10.3.2    Purchaser shall pay (i) all title insurance costs, premiums, search and exam fees and endorsement costs (iii) recording and filing fees for all recordable instruments other than the deed delivered by Seller at the Closing pursuant to the terms hereof, (iv) the costs of the Survey, (v) the fees and expenses of Purchaser's attorneys and other professional or third-party fees and expenses incurred by Purchaser in connection with the transactions contemplated herein, (vi) any costs and expenses incurred in connection with Purchaser's financing of the Property, (vii) the balance of any Escrow Agent fees, and (viii) any other costs and expenses actually incurred by Purchaser or required to be borne by Purchaser hereunder.

 

10.4          Prorations. All matters involving prorations or adjustment to be made in connection with the Closing and not specifically provided for in some other provision of this Agreement shall be prorated as of 11:59 P.M. Eastern time of the day immediately preceding the Closing Date. The following prorations or adjustments (the "Adjustments") shall be apportioned by way of credits to or against the Purchase Price (except as otherwise provided herein), as follows:

 

10.4.1    Taxes: At the Closing, all state, county and city ad valorem taxes (real and personal property) with respect to the Property (other than any such taxes paid directly by any tenant of the Property, which amounts shall not be prorated) shall be prorated, based upon the amount of such taxes payable in the calendar year of the Closing, if known, or otherwise, based on taxes payable in the previous calendar year.

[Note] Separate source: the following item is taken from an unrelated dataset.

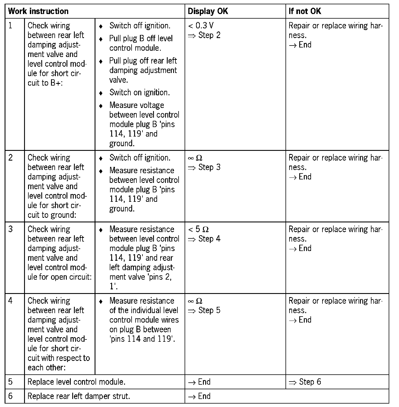 - Short circuit to B+ or open circuit in the wiring of pin 114 of the level control module (electrical fault in electric circuit)

Any and all refunds, credits, claims or rights to appeal respecting the amount of any real property taxes or other taxes or assessments charged in connection with the Property for any period shall belong to Purchaser following the Closing, except that if prior to the end of the Inspection Period Seller has applied for a property tax refund or has appealed the valuation of the Property for any period of time prior to the Closing Date, then Seller shall be entitled to any refund applicable to such period (unless such refund must be credited to a tenant of the Property by Purchaser, in which case such refund shall belong to Purchaser to the extent of such required credits to such tenant).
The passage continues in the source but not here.